On the downside, it said, lower growth in China and the region, tighter global financial conditions, and a surge in global financial volatility could lead to capital outflows and tightening of domestic financial conditions.

“Should risks materialize, the authorities are well equipped to respond, particularly given the Philippines’ strong fundamentals and ample policy space,” Sumi said.

In connection to this, the multilateral institution said monetary policy remains supportive of growth and the introduction of the interest rate corridor (IRC) system will help improve monetary policy transmission.

The current monetary stance is appropriate and should remain vigilant to the impact of additional fiscal stimulus on inflation, it added.
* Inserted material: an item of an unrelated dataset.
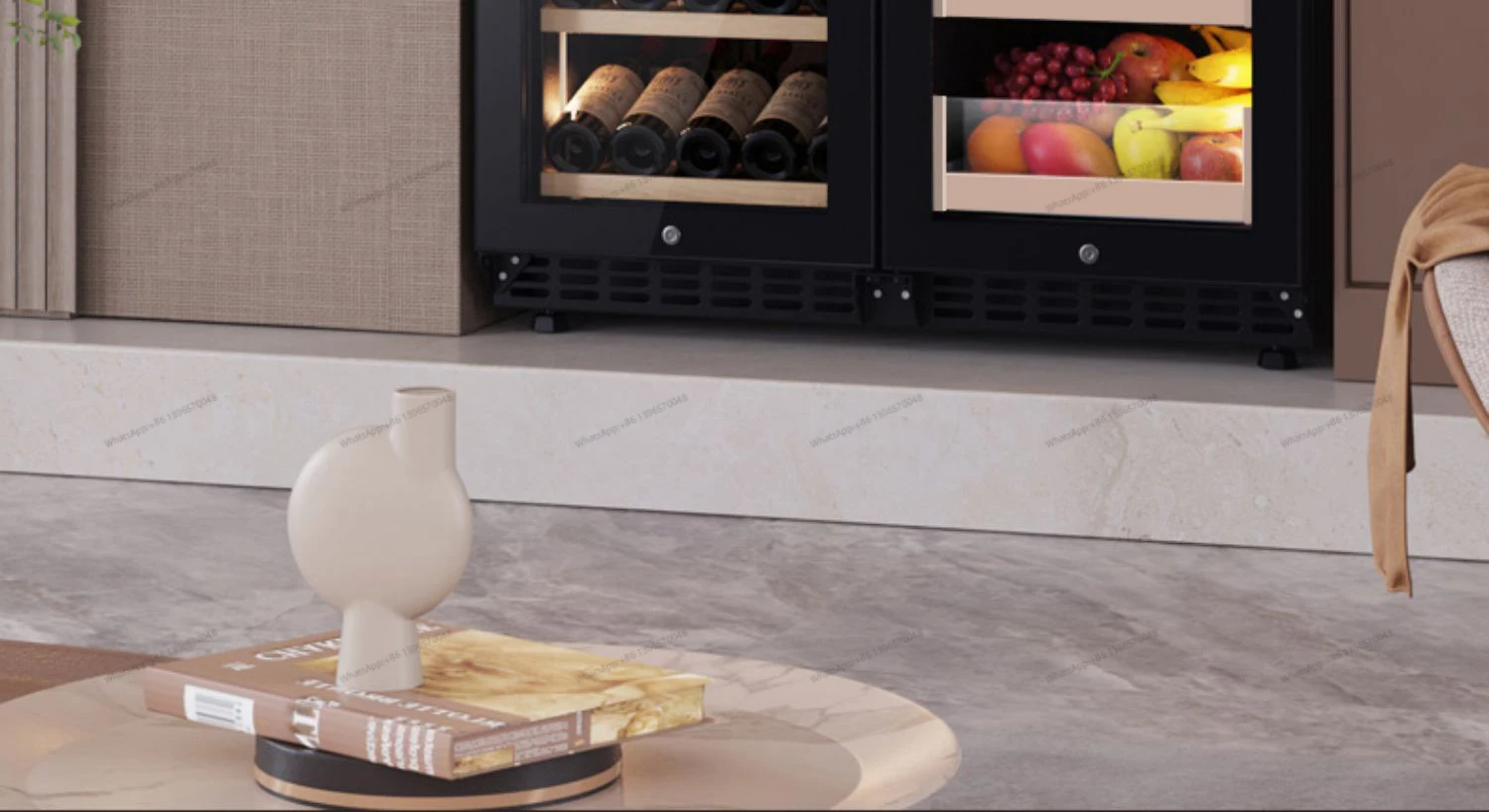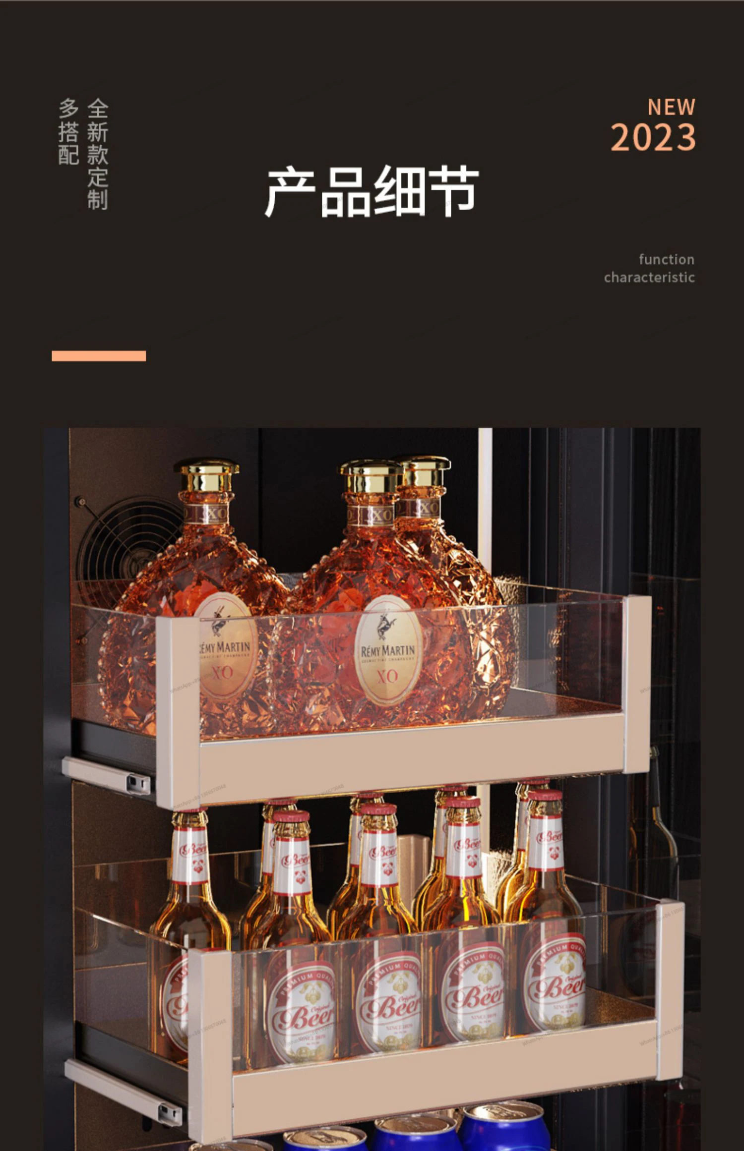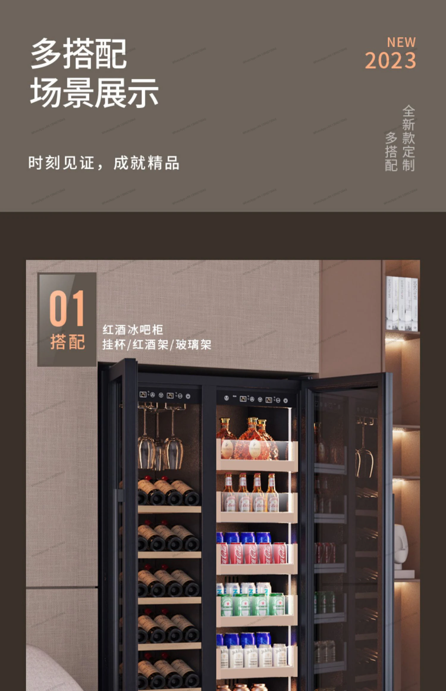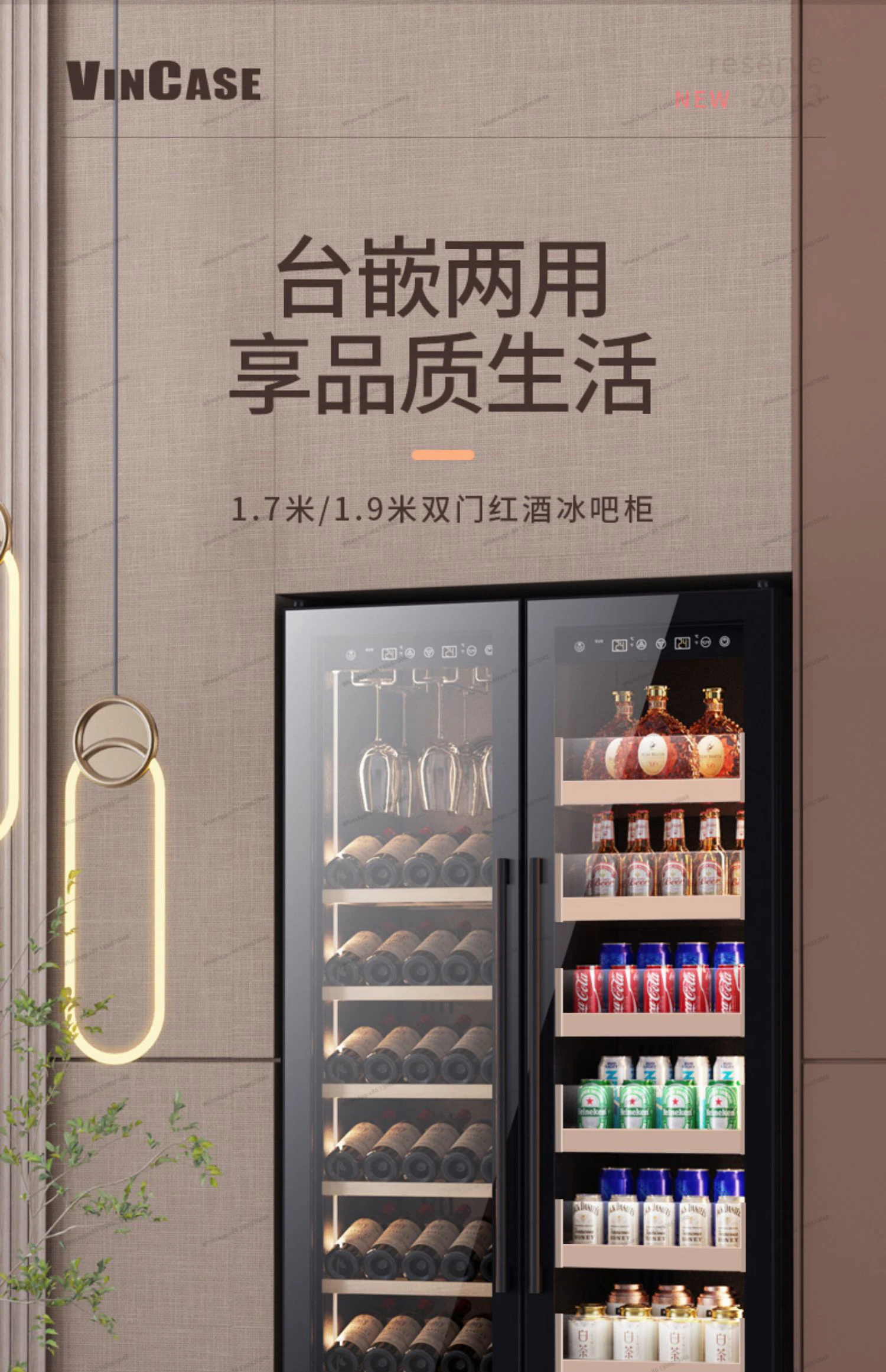 Ultra thin double door red wine cabinet, constant temperature wine cabinet, embedded ice bar, home living room, tea beverage ref

The IMF added that amid strong economic activity, inflation fell below the government’s target band in 2015 and the first half of 2016 due to lower food and fuel price.

For 2016, it sees average inflation close at the lower end of the 2 percent to 4 percent target range, before hitting the midpoint of the range in 2017 as commodity prices stabilize.

It also said the flexible exchange rate regime and strong external position should help cushion the economy from external shocks.

“The risks to the short-term 2016 outlook are balanced with upside risks related to a better-than-anticipated execution of the 2016 budget and downside risks emanating from the external environment in Brexit,” Sumi said.

IMF also said authorities’ initiatives to strengthen systemic risk monitoring in the financial sector are welcome.

Sumi said the Bangko Sentral ng Pilipinas’ micro and macro prudential policies as well as enhanced monitoring of real estate and credit conditions including the introduction of the residential real estate price index (RREPI) have helped maintain financial stability in a challenging global financial environment.

“We also welcome the regulatory agencies’ concerted efforts to maintain financial stability through the Financial Stability Coordination Council (FSCC), including addressing data and regulatory gaps related to real estate developers and concentration risks posed by conglomerate structures and rising corporate leverage,” he added.

Capital market development is crucial for growth and infrastructure investment including public-private partnerships while mitigating concentration risks in the banking system, he said.

Lastly, the IMF stressed that the recent incident involving the unauthorized transfer of $81 million from Bangladesh’s international reserves to entities in the Philippines highlights the need to tighten anti-money laundering legislation and procedures as well as easing bank secrecy in line with international practice, including making tax evasion a predicate crime.